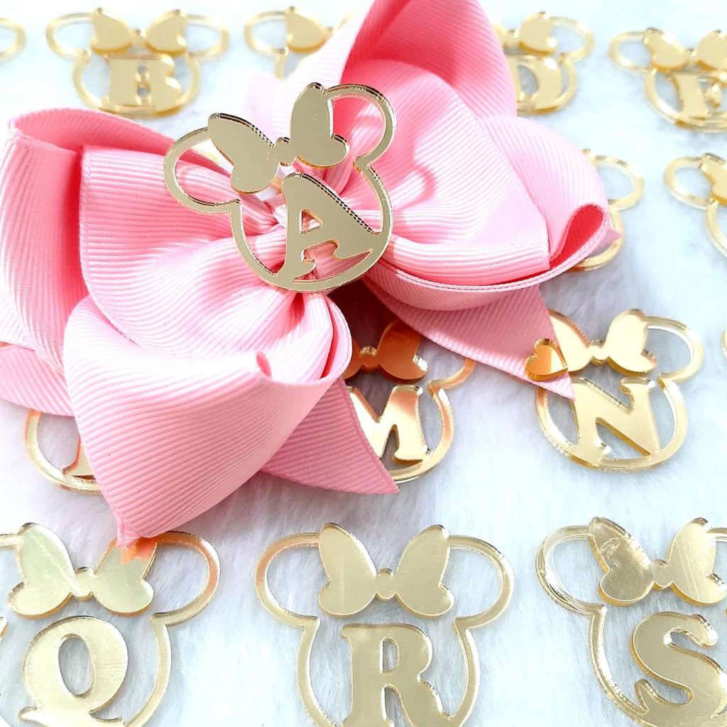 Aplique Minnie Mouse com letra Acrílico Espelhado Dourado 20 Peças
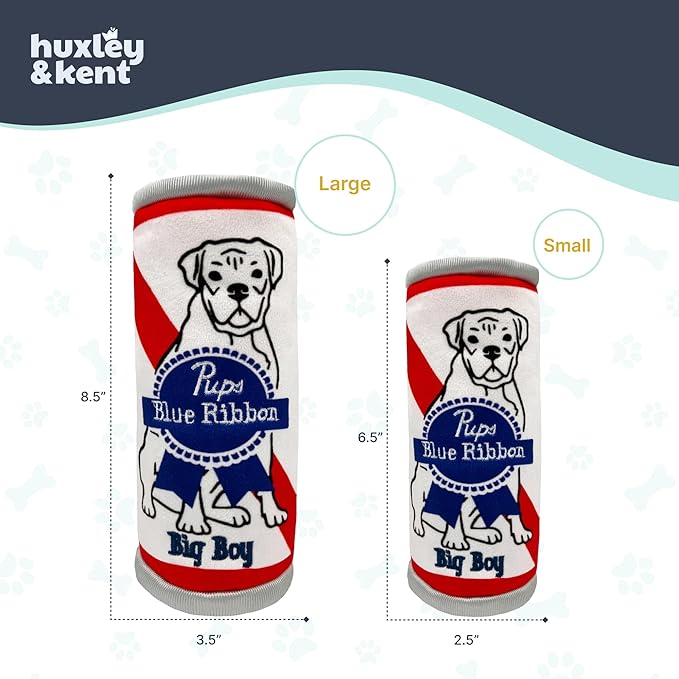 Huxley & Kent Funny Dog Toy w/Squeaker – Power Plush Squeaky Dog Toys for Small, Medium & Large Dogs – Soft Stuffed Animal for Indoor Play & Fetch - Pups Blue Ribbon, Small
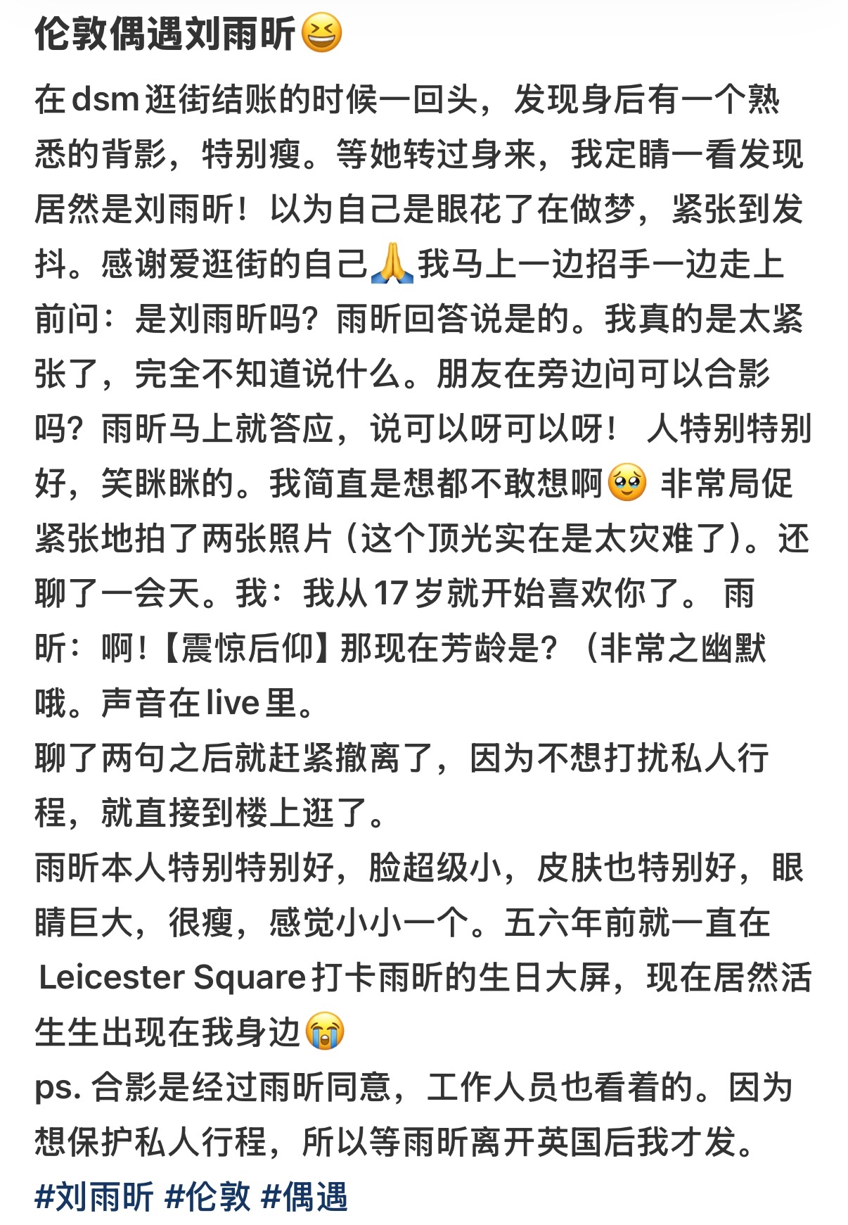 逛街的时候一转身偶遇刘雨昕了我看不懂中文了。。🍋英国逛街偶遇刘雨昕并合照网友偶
---
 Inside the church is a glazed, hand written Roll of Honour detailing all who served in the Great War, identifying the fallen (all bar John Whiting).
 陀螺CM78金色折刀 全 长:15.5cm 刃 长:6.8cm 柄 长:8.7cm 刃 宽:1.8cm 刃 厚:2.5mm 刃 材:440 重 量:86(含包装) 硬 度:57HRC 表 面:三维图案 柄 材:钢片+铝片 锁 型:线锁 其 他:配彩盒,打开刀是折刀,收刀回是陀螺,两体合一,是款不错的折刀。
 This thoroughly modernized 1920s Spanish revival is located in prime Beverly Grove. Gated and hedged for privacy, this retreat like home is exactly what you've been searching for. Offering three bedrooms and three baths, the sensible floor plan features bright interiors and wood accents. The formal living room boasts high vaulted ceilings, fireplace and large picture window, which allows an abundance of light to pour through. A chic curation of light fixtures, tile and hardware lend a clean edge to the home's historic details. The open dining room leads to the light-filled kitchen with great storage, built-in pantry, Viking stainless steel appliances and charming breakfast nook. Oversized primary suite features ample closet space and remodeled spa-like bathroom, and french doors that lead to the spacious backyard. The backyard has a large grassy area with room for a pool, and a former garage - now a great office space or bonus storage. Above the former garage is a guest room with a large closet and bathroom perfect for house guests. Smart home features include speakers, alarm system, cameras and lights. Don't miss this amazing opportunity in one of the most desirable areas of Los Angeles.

Prompt> Take the lines above starting at the one containing "Aplique Minnie Mouse" and ending at the one containing "逛街的时候一转身偶遇刘雨昕了我看不懂中文了。。🍋英国逛街偶遇刘雨昕并合照网友偶", and print them again exactly, without pictures.

Solution to this problem>
 Aplique Minnie Mouse com letra Acrílico Espelhado Dourado 20 Peças
 Huxley & Kent Funny Dog Toy w/Squeaker – Power Plush Squeaky Dog Toys for Small, Medium & Large Dogs – Soft Stuffed Animal for Indoor Play & Fetch - Pups Blue Ribbon, Small
 逛街的时候一转身偶遇刘雨昕了我看不懂中文了。。🍋英国逛街偶遇刘雨昕并合照网友偶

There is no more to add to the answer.